## [DATA PROVIDED]
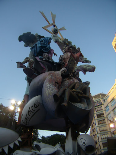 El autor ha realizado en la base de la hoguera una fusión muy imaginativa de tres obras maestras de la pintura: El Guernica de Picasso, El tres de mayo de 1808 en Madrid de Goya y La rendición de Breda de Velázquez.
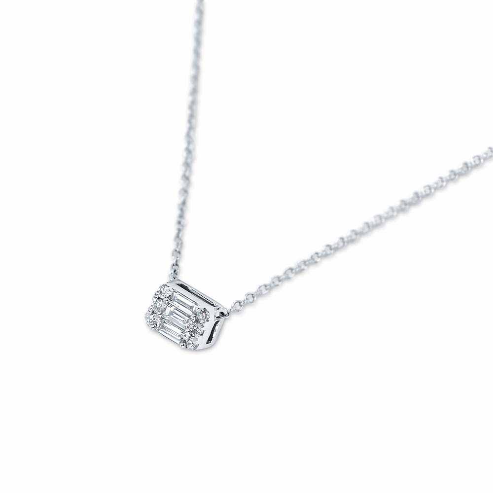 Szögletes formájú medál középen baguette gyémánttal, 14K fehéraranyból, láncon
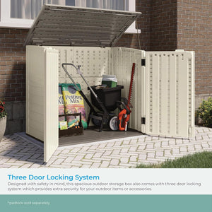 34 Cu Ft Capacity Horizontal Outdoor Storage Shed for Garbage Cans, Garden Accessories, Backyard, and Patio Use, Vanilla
---
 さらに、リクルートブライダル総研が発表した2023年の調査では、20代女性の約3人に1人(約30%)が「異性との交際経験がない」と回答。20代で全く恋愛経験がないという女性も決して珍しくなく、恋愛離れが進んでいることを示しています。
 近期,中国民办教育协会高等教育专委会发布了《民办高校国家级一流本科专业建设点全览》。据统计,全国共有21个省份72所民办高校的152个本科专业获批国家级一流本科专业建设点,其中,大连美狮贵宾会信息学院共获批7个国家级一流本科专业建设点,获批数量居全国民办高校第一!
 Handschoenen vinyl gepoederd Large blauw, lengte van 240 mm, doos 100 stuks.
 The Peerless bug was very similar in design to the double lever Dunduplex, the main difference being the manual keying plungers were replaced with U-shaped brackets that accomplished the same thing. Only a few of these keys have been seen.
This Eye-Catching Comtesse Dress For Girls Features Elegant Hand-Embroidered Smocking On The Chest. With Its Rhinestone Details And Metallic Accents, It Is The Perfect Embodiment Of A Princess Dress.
--
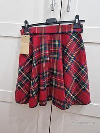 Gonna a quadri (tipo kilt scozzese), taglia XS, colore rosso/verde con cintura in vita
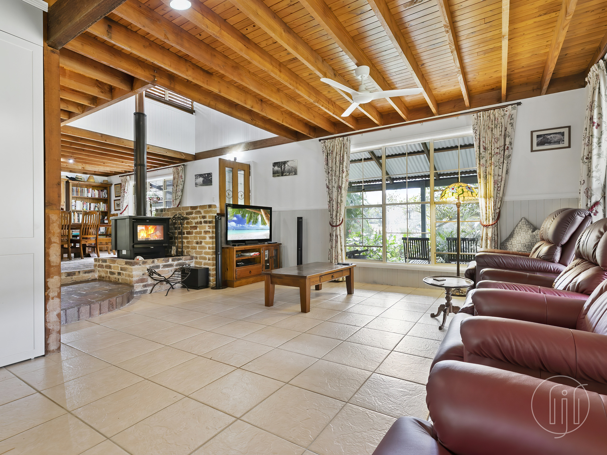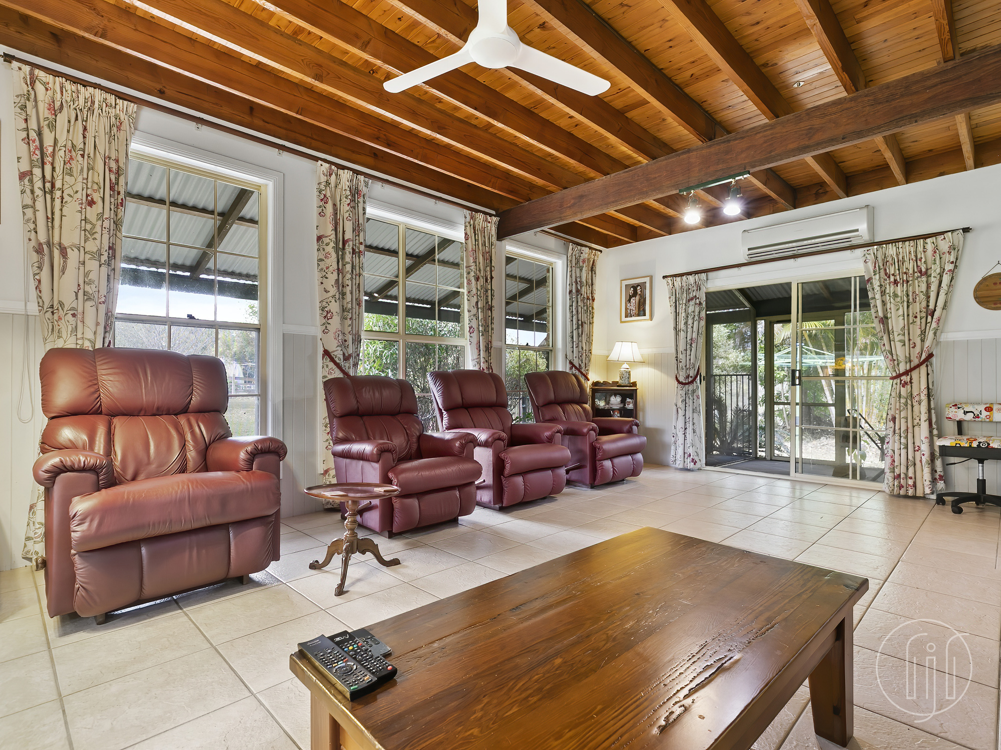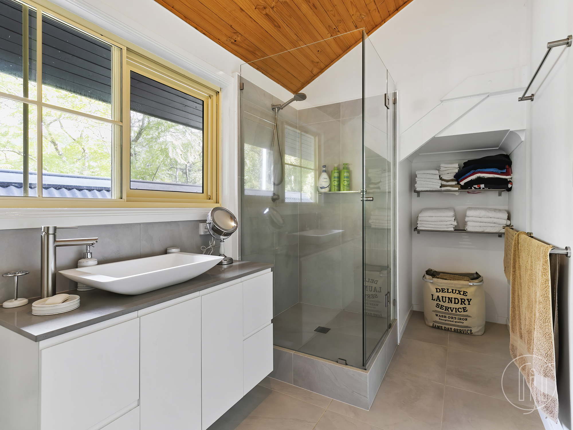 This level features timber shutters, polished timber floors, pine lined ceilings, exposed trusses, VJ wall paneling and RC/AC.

## [ACTION ITEM]
Print the line above containing "El autor ha", the line containing "34 Cu Ft Capacity", and everything between them, exactly as written. Pictures stay out.

## [WORKED SOLUTION]
 El autor ha realizado en la base de la hoguera una fusión muy imaginativa de tres obras maestras de la pintura: El Guernica de Picasso, El tres de mayo de 1808 en Madrid de Goya y La rendición de Breda de Velázquez.
 Szögletes formájú medál középen baguette gyémánttal, 14K fehéraranyból, láncon
 34 Cu Ft Capacity Horizontal Outdoor Storage Shed for Garbage Cans, Garden Accessories, Backyard, and Patio Use, Vanilla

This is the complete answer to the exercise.